J.D. Power and Associates surveys of service recipients show that Lexus service is better than Chevrolet. J.D. Power ranks Lexus third in service department satisfaction. With a 22% lower rating, Chevrolet is ranked 10th.

Ergonomics

The RX Series offers an optional heads-up display that projects speed and other key instrumentation readouts in front of the driver’s line of sight, allowing drivers to view information without diverting their eyes from the road. The Blazer doesn’t offer a heads-up display.

The RX Series’ front and rear power windows all open or close with one touch of the switches, making it more convenient at drive-up windows and toll booths, or when talking with someone outside of the car. The Blazer’s passenger windows don’t close automatically.

If the windows are left open on the RX Series the driver can close them all at the outside door handle. On a hot day the driver can lower the windows at the outside door handle or from a distance using the keyless remote.

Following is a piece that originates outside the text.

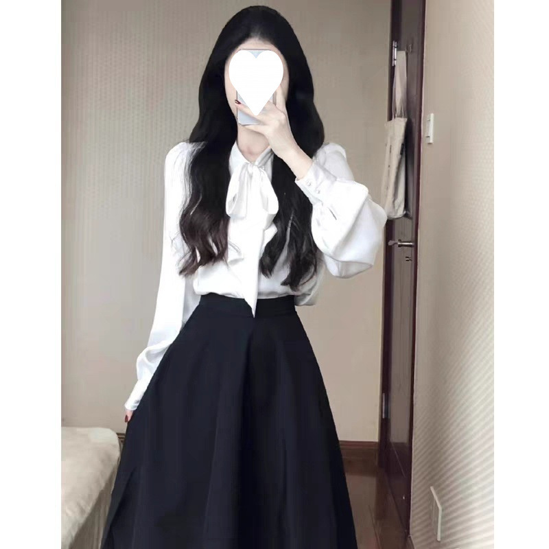 White Water Women's Qiajin College Style Fake Two-Piece Knitted Shirt A- Shape Skirt Women's Autumn and Winter Korean Style Temperament suit
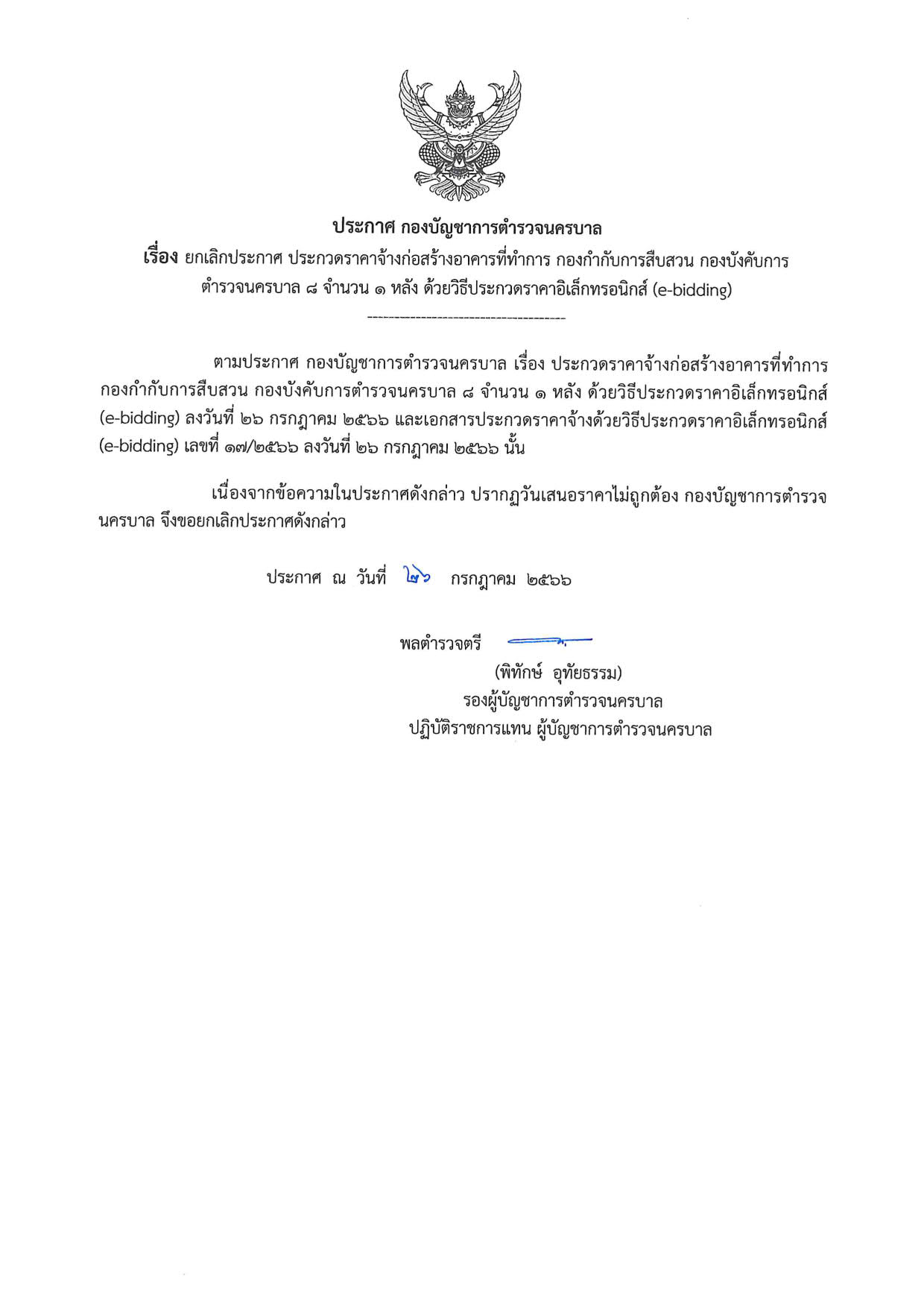 ประกาศ กองบัญชาการตำรวจนครบาล เรื่อง ยกเลิกประกาศประกวดราคาจ้างก่อสร้างอาคารที่ทำการ กก.สส.บก.น.8 จำนวน 1 หลัง ด้วยวิธีประกวดราคาอิเล็กทรอนิกส์ (e-bidding)

The driver of the Blazer can only close the windows from inside the vehicle, with the ignition on.

The RX Series’ rain-sensitive wipers adjust their speed and turn on and off automatically based on the amount of rainfall on the windshield. This allows the driver to concentrate on driving without constantly adjusting the wipers. The Blazer’s manually variable intermittent wipers have to be constantly adjusted.

In poor weather, headlights can lose their effectiveness as grime builds up on their lenses. This can reduce visibility without the driver realizing. The RX Series offers available headlight washers to keep headlight output high. The Blazer doesn’t offer headlight washers.

To help drivers avoid possible obstacles, the RX Series offers optional cornering lights to illuminate around corners when the turn signals are activated. The Blazer doesn’t offer cornering lights. The RX Series also offers optional adaptive headlights to illuminate around corners automatically by reading vehicle speed and steering wheel angle.

When the RX Series is put in reverse, both rearview mirrors tilt from their original position. This gives the driver a better view of the curb during parallel parking maneuvers. Shifting out of reverse puts the mirrors into their original positions. The Blazer’s mirrors don’t automatically adjust for backing.

Recommendations

Consumer Reports® recommends the Lexus RX Series, based on reliability, safety and performance.